Он знал, что у нее две дочери, трех и пяти лет, и муж, выпускник юридической школы Гарварда, делающий блестящую карьеру в Федеральной комиссии по связи. А сама она была чемпионкой по гольфу и превосходно играла в парный теннис.
– Ну, Джо...
Без одежды она выглядела хрупкой и миниатюрной, с крохотными аппетитными грудками и изящными запястьями. Она была до того стройной, что под шелковистой кремовой кожей проступали ребра. Пепельные волосы уложены в дорогую прическу.
– Пожалуй, можно сказать, что из любопытства.
Из любопытства!
Тогда он только покачал головой.
Теперь он тоже покачал головой: на этот раз он был с двадцатишестилетней ассистенткой из Конгресса, хорошенькой выпускницей Смит-колледжа, которую подцепил на коктейле в посольстве. Они только что закончили бурно, не без приятности и совершенно бездумно предаваться ласкам. Дело происходило на верхнем этаже его джорджтаунского дома, где у прошлого хозяина был музыкальный зал, просторное светлое помещение. За окном пели птички, жужжали пчелы, а цветы с кустарниками росли благодаря умелому уходу садовника-филиппинца.

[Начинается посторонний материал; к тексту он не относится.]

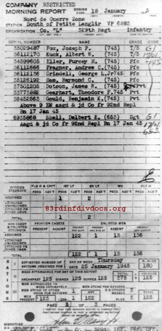 | 1945-01-18 | TEC5 | Assigned and joined from 92nd Replacement Battalion as of January 17, 1945 | 745 | L / 329 | view page |
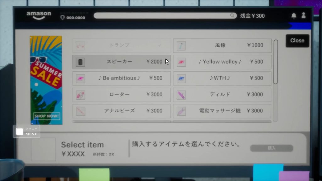 アイテムの購入はパソコンのモニターを使います。
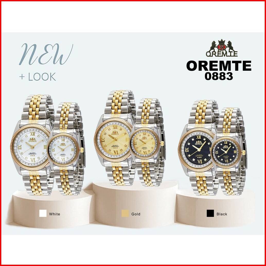 Jam Tangan Oremte Pria Two Tone Diamond Stainless Steel Water Resist 3 Atm Watch Garansi 1 Tahun Free Box
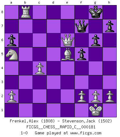 Last move : 1-0 2018 October 11 19:48:8 [Event "FICGS__CHESS__RAPID_C__000181"] [Site "FICGS"] [Date "2018.08.25"] [Round "1"] [White "Frenkel,Alex"] [Black "Stevenson,Jack"] [Result "1-0"] [WhiteElo "1808"] [BlackElo "1502"] 1.e4 e5 2.Nf3 Nc6 3.Bb5 a6 4.Ba4 Nf6 5.O-O Nxe4 6.d4 b5 7.d5 bxa4 8.dxc6 d6 9.Re1 f5 10.Nbd2 Nxd2 11.Nxd2 Be7 12.c4 a3 13.b4 O-O 14.Bxa3 Qe8 15.Nb3 Qxc6 16.Na5 Qd7 17.Qd5+ Kh8 18.Qxa8 Qa4 19.Re3 Qc2 20.Qb8 c5 21.bxc5 Qd2 22.cxd6 Bxd6 23.Bxd6 Rd8 24.Rxe5 g6 25.Rd5 Qg5 26.Be5+ Kg8 27.Qc7 Rd7 28.Rxd7 Bxd7 29.Qxd7 Qh6 30.Rb1 Qf8 31.Qe6+ Qf7 32.Rb8+ 1-0 Ruy Lopez : Open, Richter variation Kingside Castling by player White (move 5) Kingside Castling by player Black (move 13) Player White won this chess game. Follow this game move after move (download)Who is your opponent tonight, tonight I am playing against the Black pieces. (Akiba Rubinstein) Jeder weiß, dass Gasprom Putins persönliches Machtinstrument ist. Die Firma wird vom Kreml aus geleitet und wird schon deshalb nie transparent sein. (Garry Kasparov) Mi estilo es algo parecido entre un poco de Tal y Petrosian. (Reshevsky) Je menace de comprendre la position. (Anonyme) Excelling at chess has long been considered a symbol of more general intelligence. That is an incorrect assumption in my view, as pleasant as it might be. But for the purposes of argument and investigation, chess is, in Russkin-Gutman's words, 'an unparalleled laboratory, since both the learning process and the degree of ability obtained can be objectified and quantified, providing an excellent comparative framework on which to use rigorous analytical techniques.' (The Chess Master and the Computer, by Garry Kasparov - 2010)
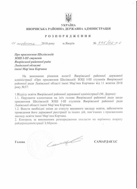 №945/02-06 2018-10-17 Про присвоєння Шклівській ЗОШ І-ІІІ ступенів Яворівської районної ради Львівської області імені Мар"яна Корчака
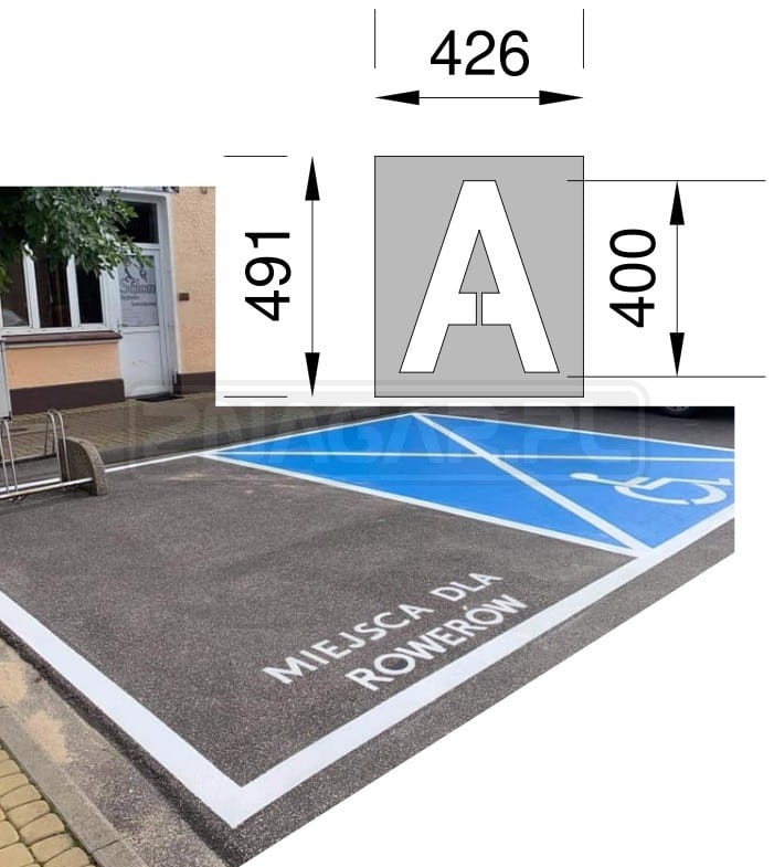 Wymiary: całkowity szablon 430x490mm, wysokość piktogramu 400mm

Девушка – так уж совпало, что ее тоже звали Сьюзен, что, возможно, и воскресило в его памяти ту, первую Сьюзен, – одевалась быстро и, как показалось Данцигу, без сожаления. Комната пропахла сексом. Этот своеобразный запах поначалу пьянил его, но потом всегда вызывал отвращение.
Вообще-то его немного подташнивало от себя самого.

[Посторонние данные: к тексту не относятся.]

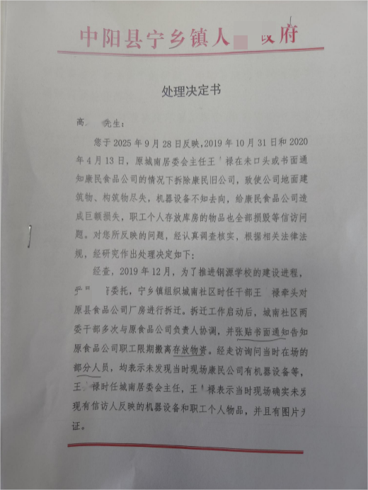 目前,康民公司已向中阳县行政单位提交行政复议申请,请求撤销镇行政单位2025年12月25日作出的《处理决定书》,确认强拆行为违法,责令其调查并赔偿财产损失。
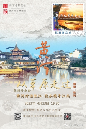 水旱码头包头,历来是中原文明与游牧文明交汇融合之地,由此形成独具特色的地域文化,既有游牧的热情奔放,也有中原文化的温文尔雅,《黄河从草原走过》民族音乐会将草原文化、西口文化、城市文化有机融合,用音乐作画描绘壮丽山河,用乐曲展现风土人情与民族文化,蒙古族乐器与传统民族乐器交辉相应,呼麦与本地民歌共同呈现“黄河从草原走过”!带给南京观众不一样的民族音乐会。
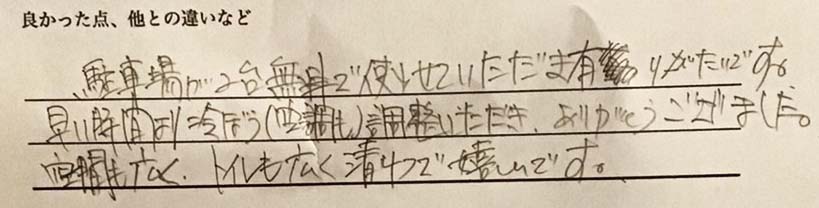 スペース利用のモモさんより「駐車場が2台無料で使わせていただき有りがたいです。早い時間より冷房(空調も)調整いただき、ありがとうございました。空間も広く、トイレも広く、清潔で嬉しいです。」という、お声を頂きました。とても嬉しいお声でした... -
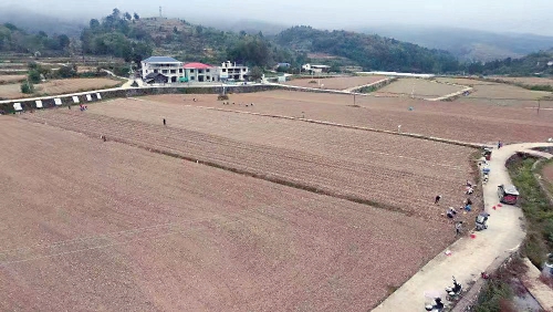 贵州省铜仁市石阡县聚凤乡廖家屯村的种植户们,在大豆收获后的田块上种植大蒜。

Ему отчаянно хотелось почистить зубы и хорошенько прополоскать рот, но он не был уверен, что подобный жест покажется вежливым его даме. Она-то не почистила зубы, а ртом работала ничуть не менее усердно. Он чувствовал себя отвратительным, казался себе каким-то людоедом. Но это была не его вина. Ох уж эти современные девицы! Кивок, прикосновение, завуалированное предложение, косвенное и иносказательное, как секретный шифр, – и они, как бангкокские шлюхи, бросались в погоню за сокровищами, о которых их матери и помыслить не могли, для описания которых в их лексиконе не нашлось бы нужных слов. И ожидали – да что там, требовали – от него ответных действий.

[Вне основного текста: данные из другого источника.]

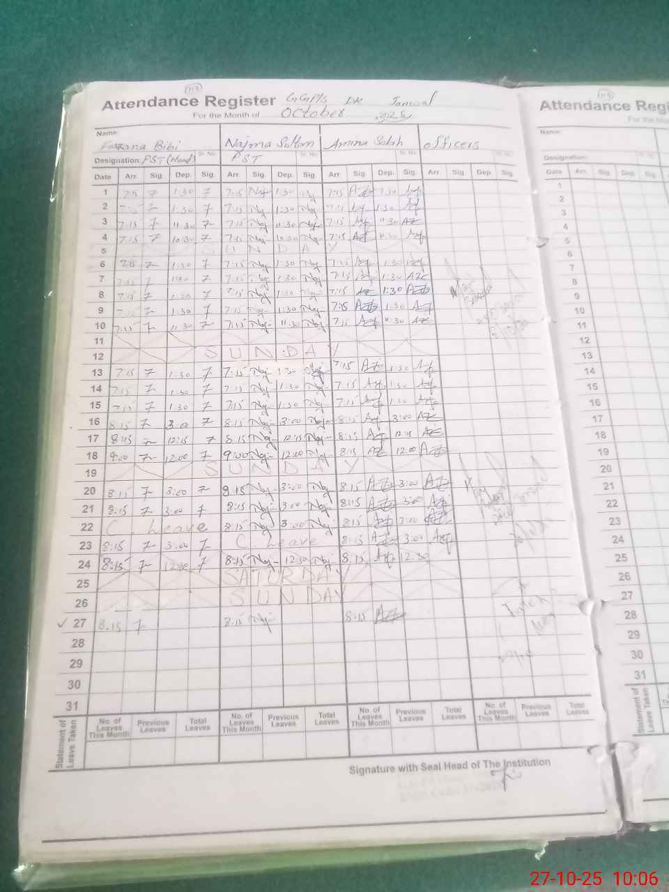 | Monitoring Date: 27-10-2025 | Start Time: 27-10-2025 09:49 AM | End Time: 27-10-2025 10:10 AM | Name of MEA: Fa**** Mu**** | |
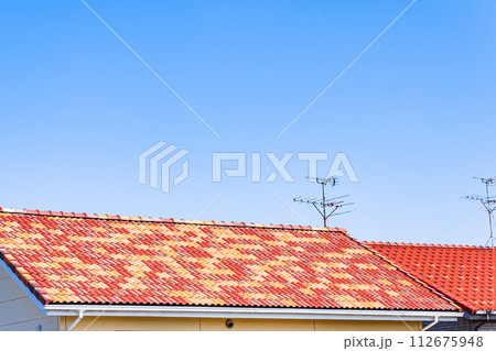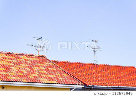 赤い屋根(多彩色)と青空
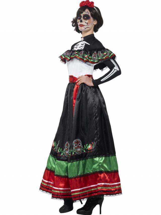 Day of the Dead Senorita-kostyme med kjole, "mock" Top, bånd og hårbånd med rose.
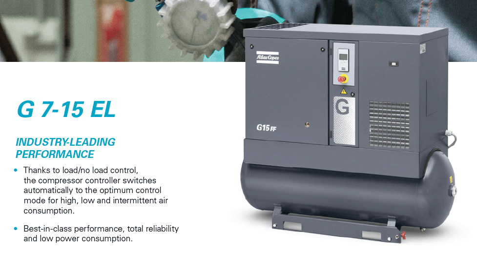 Compresor de Tornillo Rotativo Atlas Copco 10 HP Mundial Latinoamérica con Secador de Aire | G7L-125FF 208-230/460 | 8153291003
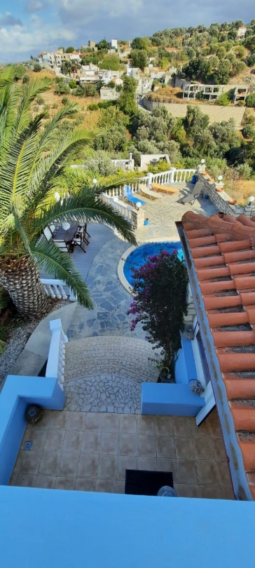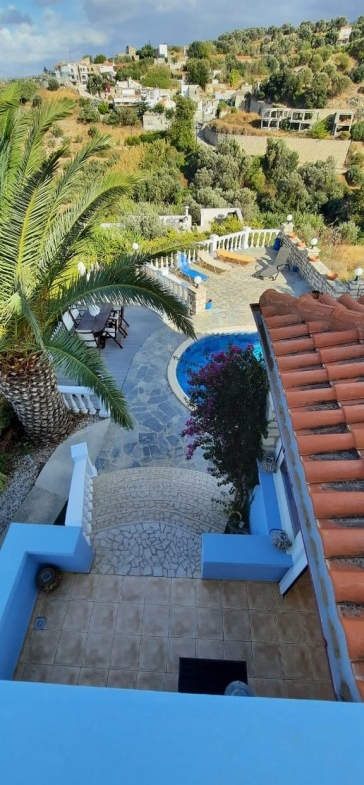 Nestled on the hillside in Agia Triada and set on a manageable but spacious 748 m² plot. The villa comprises 3 large double bedrooms, 2 bathrooms, a lovely open-plan living room and a kitchen-dining area with 2 sets of wheelchair-friendly double doors providing access to the large terrace and fantastic sea views.
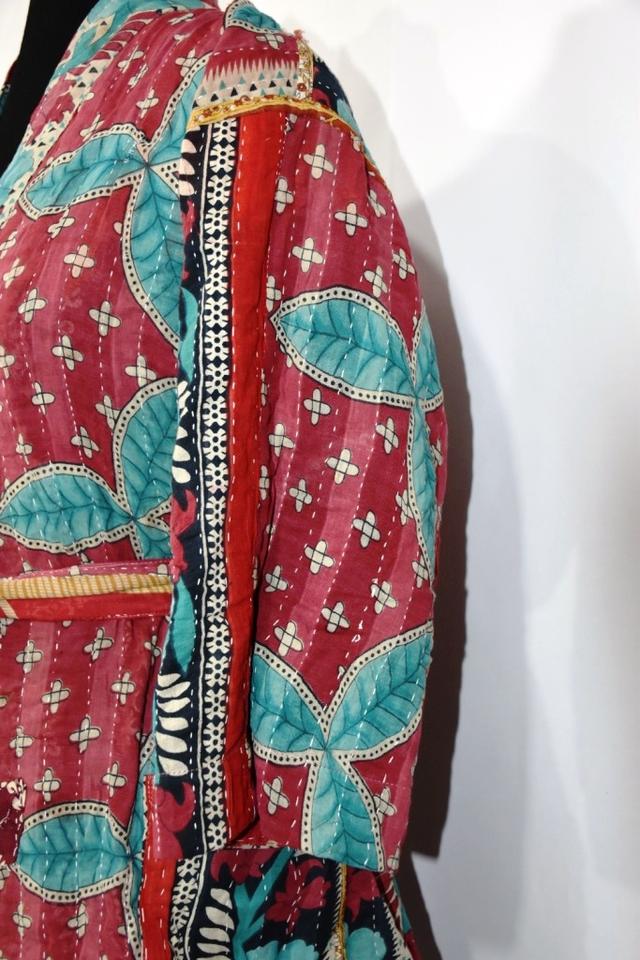 Lovely Rose Color Quilted Kantha Jacket Free Size Adjustable Breathable Knee Length Short Kimono Robe with Adjustable Belt
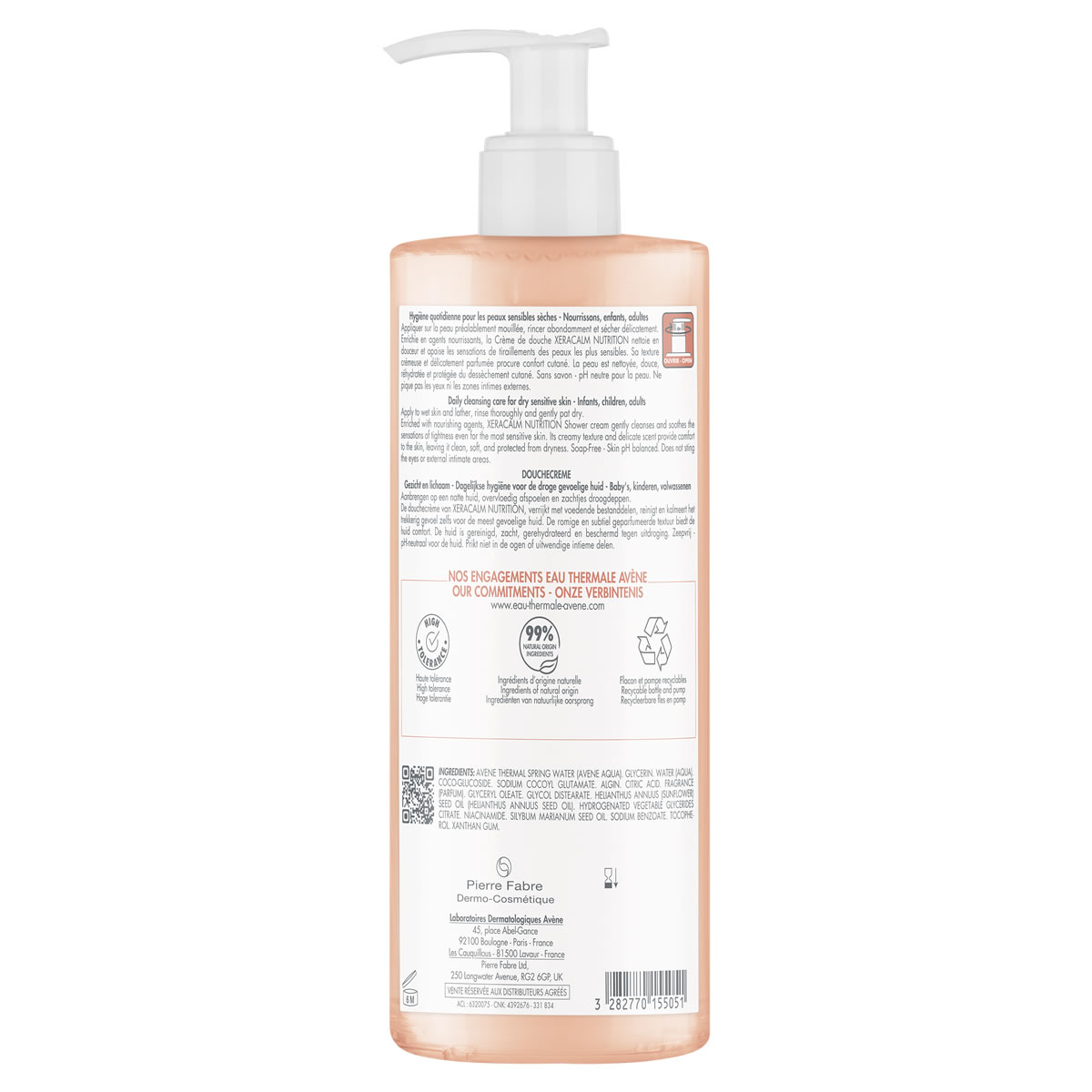 Αυτό το κρεμοντούς, με 99% συστατικά φυσικής προέλευσης, είναι εμπλουτισμένο με ενυδατικούς και θρεπτικούς παράγοντες. Η κρεμώδης υφή του χωρίς σαπούνι, με ουδέτερο pH για το δέρμα και λεπτό άρωμα, προσφέρει άνεση στο δέρμα και ευχάριστη εμπειρία χρήσης. Αφρίζει κατά την εφαρμογή και δεν προκαλεί τσούξιμο στα μάτια ή στις εξωτερικές ευαίσθητες περιοχές του σώματος. Επωφελείται από μια οικολογικά υπεύθυνη προσέγγιση. Η συσκευασία των 500ml περιέχει 73% ανακυκλωμένα υλικά. Το φιαλίδιο είναι κατασκευασμένο από 100% ανακυκλωμένο πλαστικό*.

До чего же странные существа. Они мыслили совсем не так, как мужчины, честное слово. К примеру, они были более взрослыми, менее склонными к сантиментам (что шло вразрез с общепринятыми стереотипами), более организованными. Их мозг состоял из крохотных отсеков. Эта Сьюзен, как и первая, как и все Сьюзен до единой, могла ласкать его ртом, как тигрица, а потом улыбнуться, одеться и как ни в чем не бывало вернуться к своей другой жизни. Они уходили обратно к своим мужьям и любовникам, четко отделив свое дневное приключение от вечерней реальности. В то время как он, ну или любой другой мужчина на его месте, стал бы думать, злиться и вспоминать, чувствовать себя нечистым и недостойным, терзаться сознанием вины. Поразительно!
Он стоял в своем халате у широкого окна и смотрел на лабиринт садовых дорожек внизу.
– Там очень приятно, ты не находишь? Этот новенький работает не покладая рук, хотя не думаю, чтобы он меня понимал. Я-то его определенно не понимаю.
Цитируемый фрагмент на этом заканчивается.